RECORDS PROVIDED —

········

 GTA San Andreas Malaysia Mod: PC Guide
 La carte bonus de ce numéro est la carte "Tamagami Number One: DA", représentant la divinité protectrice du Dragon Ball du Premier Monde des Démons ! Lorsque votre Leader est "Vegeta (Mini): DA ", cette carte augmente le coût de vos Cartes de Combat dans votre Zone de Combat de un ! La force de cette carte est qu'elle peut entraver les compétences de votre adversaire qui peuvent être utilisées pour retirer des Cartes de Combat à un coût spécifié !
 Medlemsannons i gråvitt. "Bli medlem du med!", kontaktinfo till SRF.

········

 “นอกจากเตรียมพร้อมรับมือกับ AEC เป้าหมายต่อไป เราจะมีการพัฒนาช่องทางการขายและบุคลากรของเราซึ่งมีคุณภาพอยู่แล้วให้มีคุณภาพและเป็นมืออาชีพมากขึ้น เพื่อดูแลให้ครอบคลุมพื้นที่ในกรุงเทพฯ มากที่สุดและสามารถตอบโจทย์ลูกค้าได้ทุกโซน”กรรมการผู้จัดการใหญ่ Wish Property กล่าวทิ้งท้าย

········

ABOUT THIS EXERCISE — Please, from the entries above, set down exactly the lines from the one containing "GTA San Andreas Malaysia Mod: PC Guide" through the one containing "Medlemsannons i gråvitt.", and only those.

REPLY —
 GTA San Andreas Malaysia Mod: PC Guide
 La carte bonus de ce numéro est la carte "Tamagami Number One: DA", représentant la divinité protectrice du Dragon Ball du Premier Monde des Démons ! Lorsque votre Leader est "Vegeta (Mini): DA ", cette carte augmente le coût de vos Cartes de Combat dans votre Zone de Combat de un ! La force de cette carte est qu'elle peut entraver les compétences de votre adversaire qui peuvent être utilisées pour retirer des Cartes de Combat à un coût spécifié !
 Medlemsannons i gråvitt. "Bli medlem du med!", kontaktinfo till SRF.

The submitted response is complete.